The Australian government has issued an ultimatum to over 7,500 "fake refugees" currently residing in Down Under. Illegal immigrants were told they only have until October to file a formal application for refugee status to avoid facing deportation.

Immigration Minister Peter Dutton said that the "game is up" for refugees who arrived illegally by boat under the previous Labor government between 2007 and 2013. He told the press on Sunday that the government is giving them less than six months to prove to the Immigration Department their case for legal protection.

The minister said that fake refugees, those who arrived in the country with no identifying document, can lodge the process and start with proceedings until Oct.1. He warned that those who fail to comply will be cut off from welfare support and are likely to be deported.

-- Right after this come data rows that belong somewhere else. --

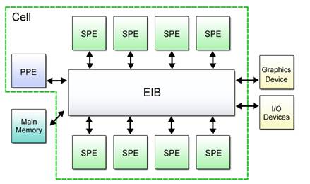The Cell consists of one control-intensive processor core (PPE) and eight compute-intensive processor cores (SPEs). A high-speed bus called the Element Interconnect Bus (EIB) is used for connecting these processor cores within the Cell. The EIB also provides connections to main memory and external I/O devices, making it possible for processor cores to access data.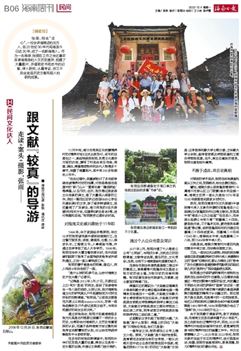 通过实地走访,张雨才知道海南很多地方尤其是古村落都记录着不一样的乡土历史,也帮助他对海南的人文历史有着更深的认识,而基于各种海南方志记载和实地考证后颠覆性的认知,也让他在导游讲解服务中令游客折服。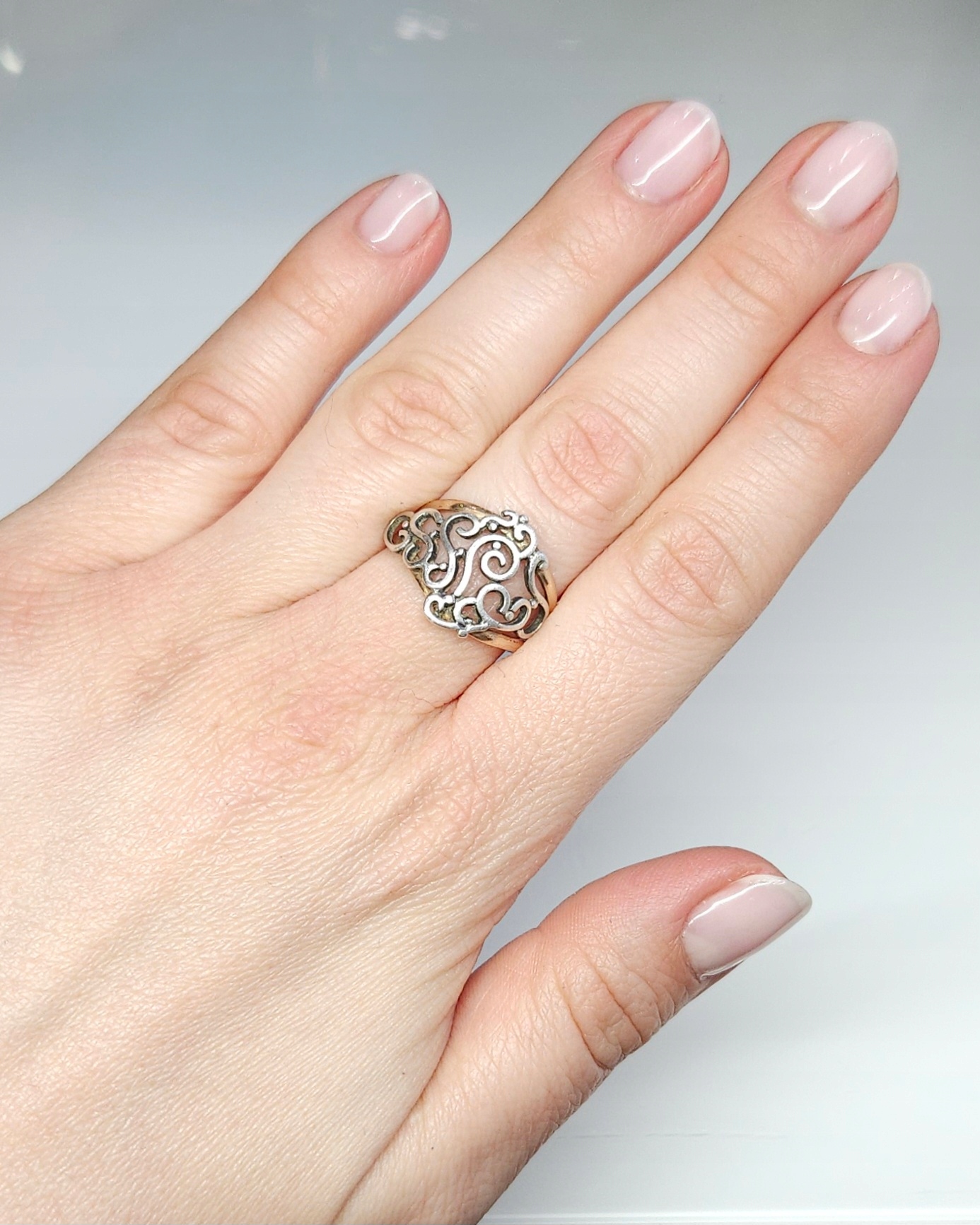 Efektowny pierścionek, wykonany ze złota i srebra, z ażurowym elementem ozdobnym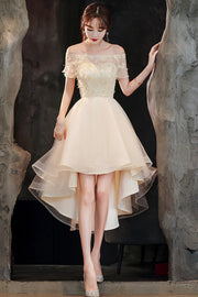 Champagne Tulle High Low Prom Dresses, A-Line Party Dresses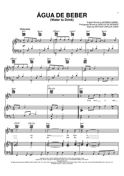 Digital Sheet Music for Água De Beber (Water To Drink) by Norman Gimbel, Antonio Carlos Jobim, Vinicius de Moraes scored for Piano/Vocal/Chords; id:383972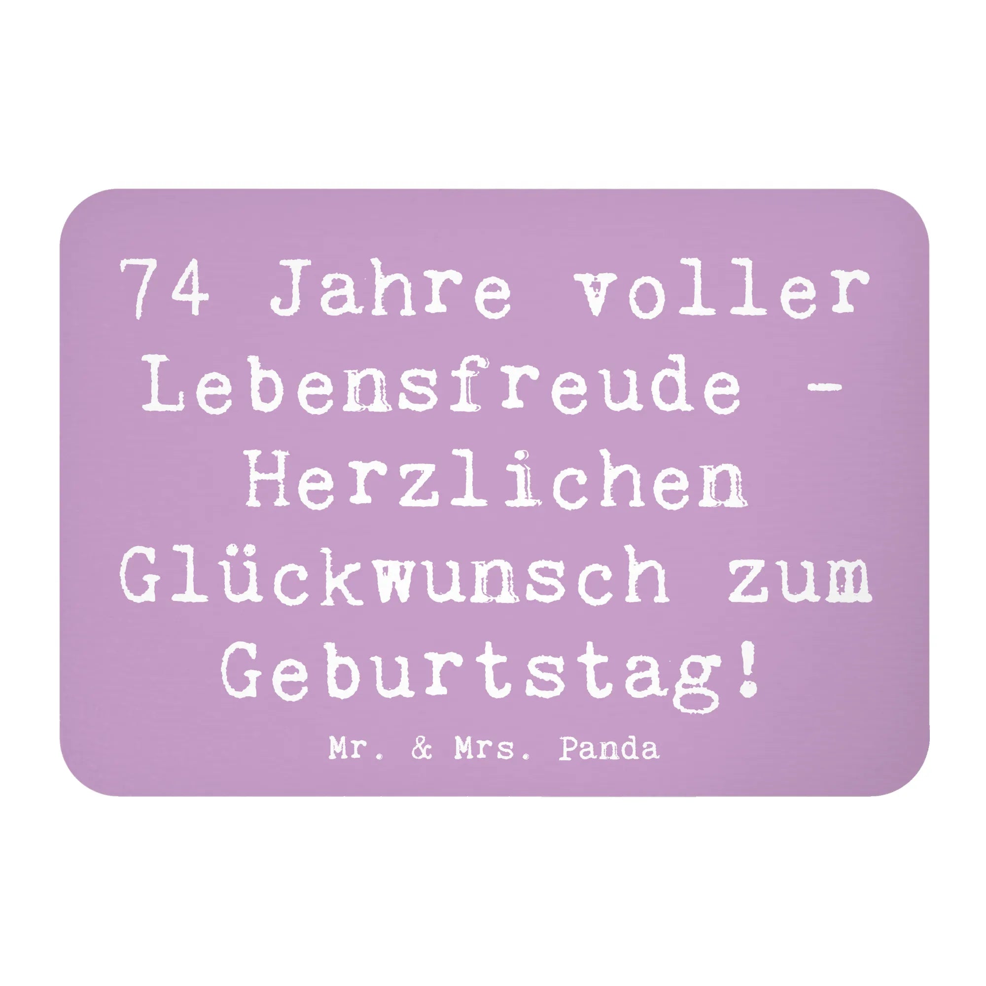 Der perfekte Kühlschrankmagnet von Mr. & Mrs. Panda für den 74. Geburtstag ist die ideale Möglichkeit, um besonderen Menschen in Deinem Leben zu gratulieren! Mit dem liebevollen Spruch "74 Jahre voller Lebensfreude - Herzlichen Glückwunsch zum Geburtstag!" zauberst Du jedem ein Lächeln ins Gesicht.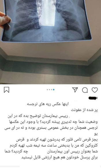 پرستار همراه و دوست نرجس خانعلی زاده پرستار ۲۵ ساله بیمارستان میلاد لاهیجان که جانش را وقف بیماران کرونایی کرد و سرانجام خودش هم به دلیل ابتلا به کرونا درگذشت. در صفحه شخصی خود از رئیس این مرکز درمانی و کمبود امکانات گلایه کرد.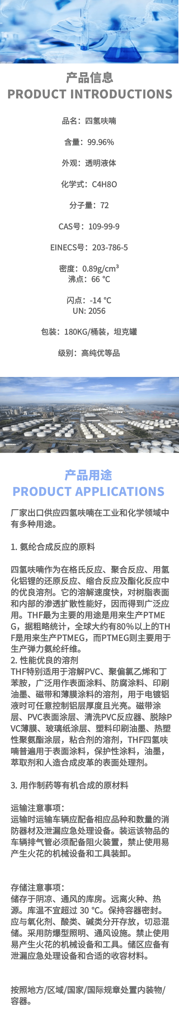 厂家出口供应国标高纯优等品四氢呋喃 内销原装新桶包装 专注四氢呋喃厂家出口 陆运海运多式联运均可办理危包商检手续 商检外部专用桶 包装 180KG/桶 ISO TANK FOB CIF EXW FCA 青岛 宁波上海 龙口 珲春阿拉山口各大口岸一站式出口供应服务 印度 韩国 非洲 委内瑞拉均可四氢呋喃客户群体、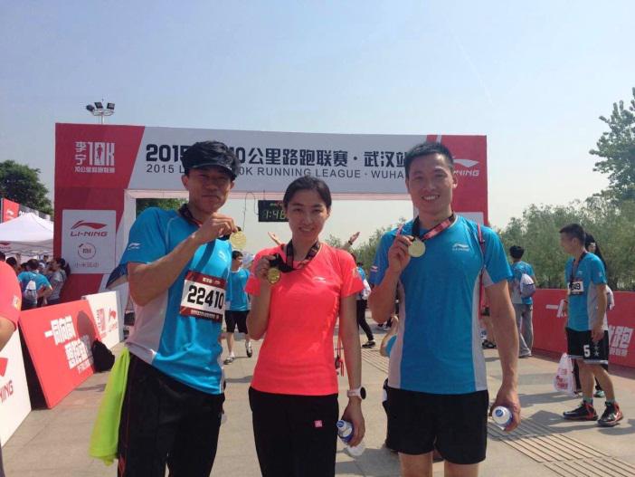 同一天,武汉分公司也组织员工参加了“2015年李宁10公里路跑联赛-武汉站”的比赛,参赛人员取得了优异的成绩,并获得了完赛奖牌和成绩证书。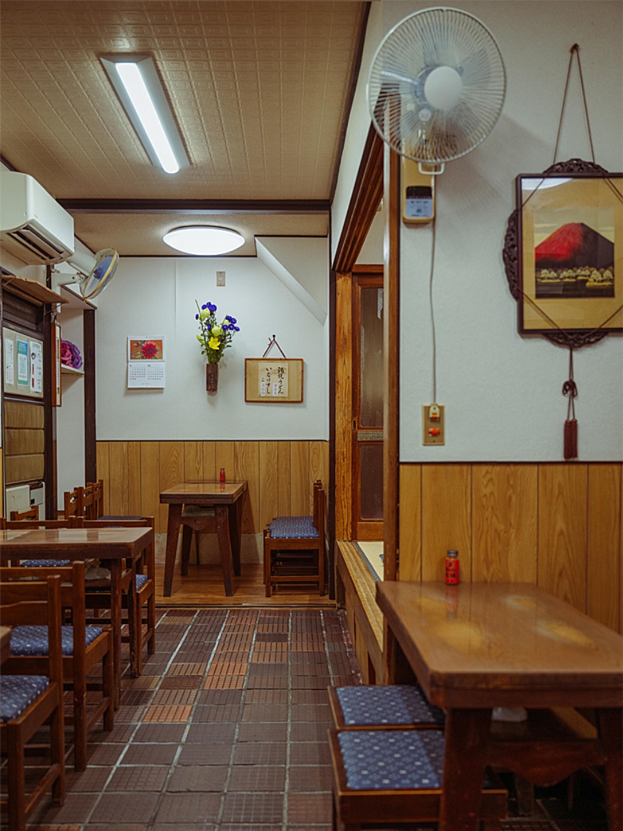 小上がりの座敷とテーブル席が並ぶ店内。木の温もりに包まれた、昔ながらの趣が漂う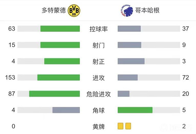 全场比赛结束,多特3-0击败哥本哈根。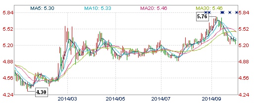 图 2.1 :2014年中国石化(600028)股价走势图,摘自新浪财经

Dutton added that the expectation is to ensure fake immigrants are deported from the country as quickly as possible.

He explained that Australia has been a generous country when it comes to resettling legitimate refugees. However, the Commonwealth could not afford to continue to support fake immigrants while the country is currently in debt.

The game is up

Dutton pointed out that several illegal immigrants got access to government income support at an estimated cost of $250 million in 2016. "If people think they can rip the Australian taxpayer off, if people think that they can con the Australian taxpayer, then I'm sorry, the game's up," Xinhua quotes Dutton as saying.

The minister assured that the country is prepared to support legal refugees. But he stressed that the Turnbull government is not going to support fake immigrants who are only enjoying welfare and taxpayer benefits but refuse to present information in relation to their protection claim.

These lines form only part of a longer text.